Я снова «укротил естество». Я стал привыкать к такой неизбежности. Участь писателя подчинена закону самоограничения. Но действует сей суровый закон не только за письменным столом и сдерживает не только перо.
Законы хочется нарушать. Иной раз даже законы словесности. Особенно когда жизнь прозы они превращают в прозу жизни. Писать, ограничивая себя, достаточно трудно, еще труднее — жить, повинуясь этой узде.

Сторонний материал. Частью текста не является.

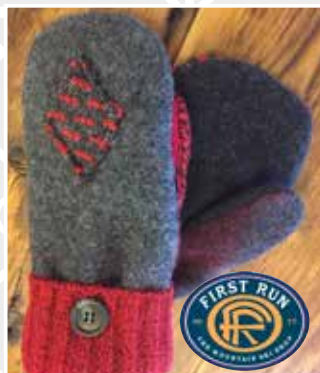
Crazy Mittens One-of-a-kind & eco-conscious

Думаю, совсем не случайно меня поманил однажды театр. Очень возможно, что безотчетно мне захотелось освободиться. Разве не там кончаются будни? Вот где высокая температура — нормальный градус существования. Разве Шекспир не сама чрезмерность? Грубое площадное искусство дает тому, кто его творит, право не только на откровенность, но, больше того — на обнажение. Актерская душа не убежище, она — арсенал, и в нем хранятся и ядра, и петарды, и бомбы, которые взрывают рутину.
Однако, когда я взялся за пьесу, выяснилось, что я не гожусь для этого сочиненного мира. Невидимая узда меня стягивала, я уж не мог без нее обойтись. Чем истеричней были подмостки, чем больший был спрос на неврастеника, способного вывернуть напоказ все наши декадентские язвы, тем я сильнее хотел услышать естественный человеческий голос. За годы, прошедшие в поиске слов, я понял, как быстро они обесцвечиваются и как стремительно дешевеют. Крикливость сцены была мучительна, и бычий рев знаменитого трагика не отзывался в моей душе. Всосавшаяся в кровь неприязнь к бенгальским огням, к любой пиротехнике, та школа юмора, через которую лучше всего постигается быт, и, наконец, мое молодое самолюбивое стремление сказать нечто свежее и свое, — все вместе подхлестывало меня, когда я писал свои первые реплики (те, юношеские, были не в счет).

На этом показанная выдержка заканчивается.